Learning to Steer Learners in Games
This addresses a fundamental challenge in game theory for optimizing interactions with adaptive agents, but it is incremental as it builds on existing no-regret learning frameworks.
The paper tackles the problem of steering a no-regret learner to a Stackelberg equilibrium in repeated two-player games without knowing the learner's payoffs, showing it is impossible with general no-regret algorithms but effective when the learner's algorithm is from a smaller class, such as ascent or stochastic mirror ascent with known parameters.

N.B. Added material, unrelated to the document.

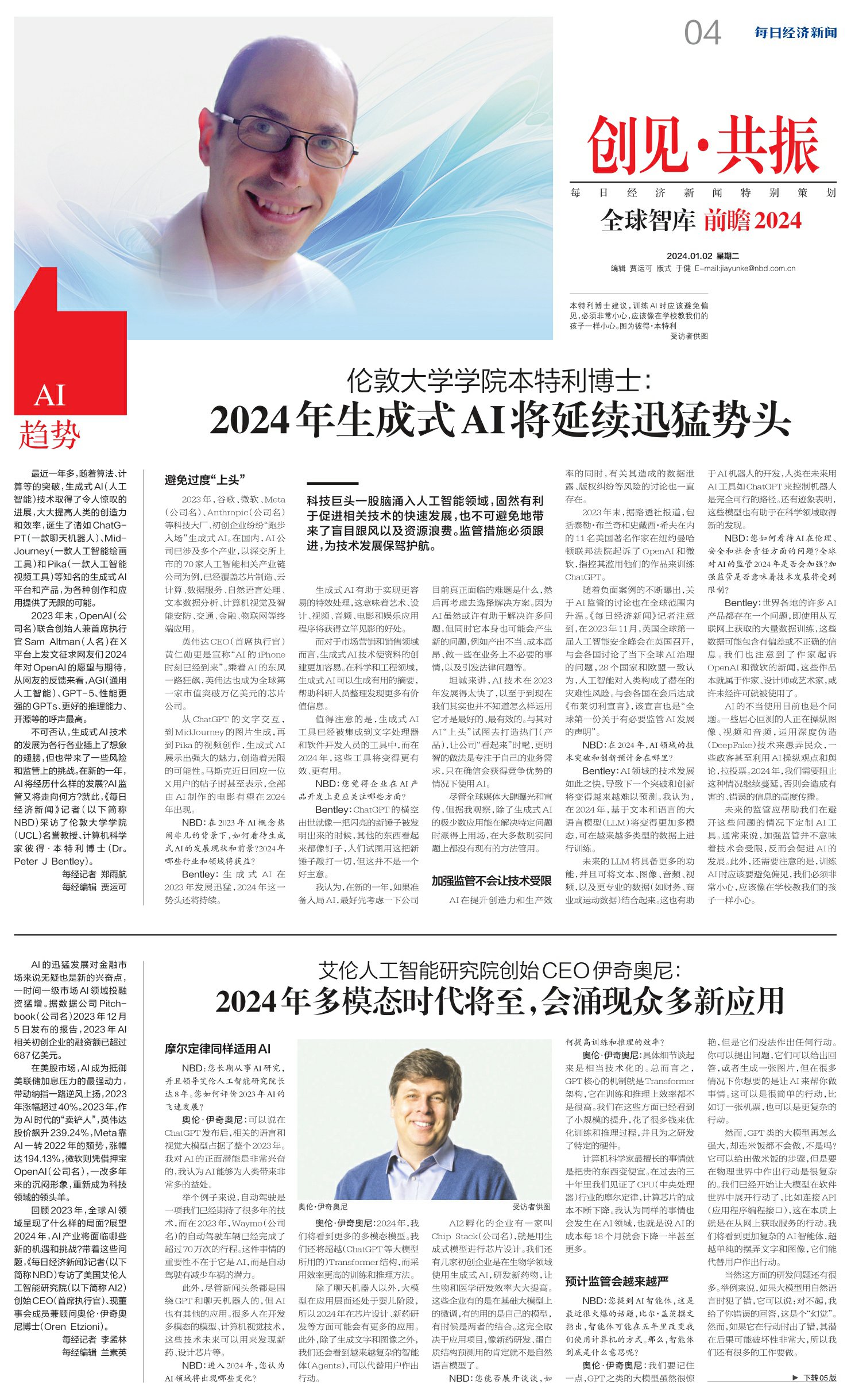 伦敦大学学院本特利博士:2024年生成式AI将延续迅猛势头

We consider the problem of learning to exploit learning algorithms through repeated interactions in games. Specifically, we focus on the case of repeated two player, finite-action games, in which an optimizer aims to steer a no-regret learner to a Stackelberg equilibrium without knowledge of its payoffs. We first show that this is impossible if the optimizer only knows that the learner is using an algorithm from the general class of no-regret algorithms. This suggests that the optimizer requires more information about the learner's objectives or algorithm to successfully exploit them. Building on this intuition, we reduce the problem for the optimizer to that of recovering the learner's payoff structure. We demonstrate the effectiveness of this approach if the learner's algorithm is drawn from a smaller class by analyzing two examples: one where the learner uses an ascent algorithm, and another where the learner uses stochastic mirror ascent with known regularizer and step sizes.